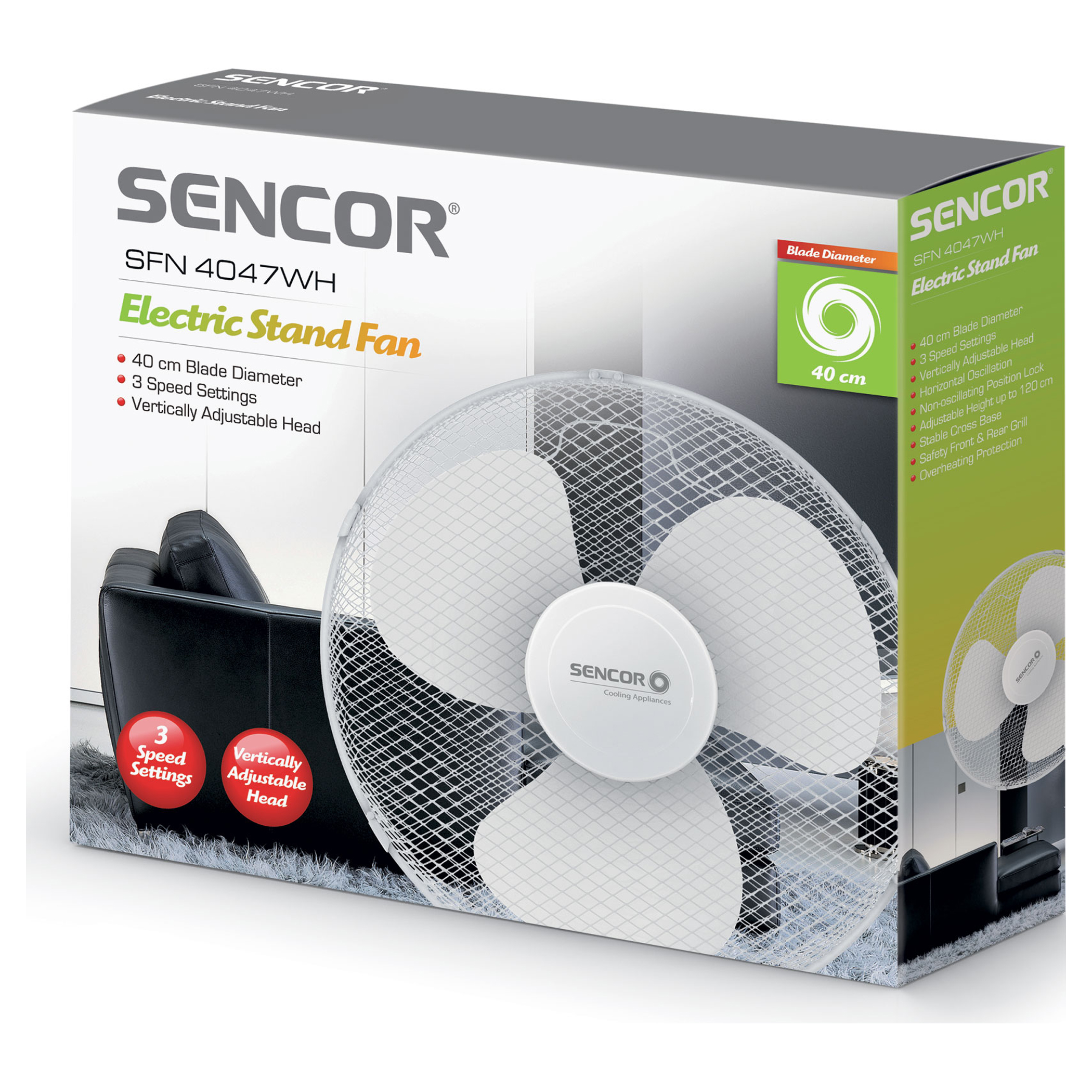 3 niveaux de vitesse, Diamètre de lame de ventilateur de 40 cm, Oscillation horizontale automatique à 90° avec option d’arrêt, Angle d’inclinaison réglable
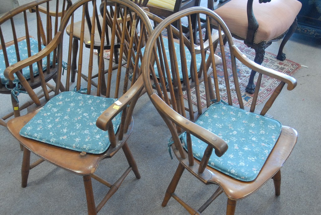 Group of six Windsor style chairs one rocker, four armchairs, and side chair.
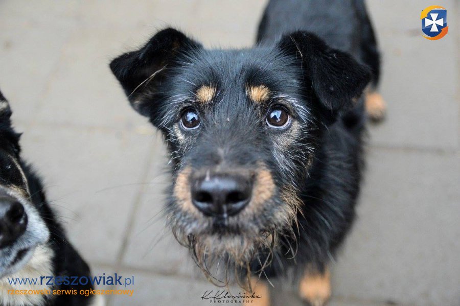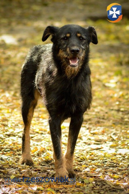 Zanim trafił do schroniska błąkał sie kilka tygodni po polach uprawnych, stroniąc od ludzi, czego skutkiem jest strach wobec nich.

What you will do ▸ All lines from the one containing "Group of six" to the last line of the data above, both included, should be printed exactly, and the pictures should not appear.

Exercise response ▸
 Group of six Windsor style chairs one rocker, four armchairs, and side chair.
 Zanim trafił do schroniska błąkał sie kilka tygodni po polach uprawnych, stroniąc od ludzi, czego skutkiem jest strach wobec nich.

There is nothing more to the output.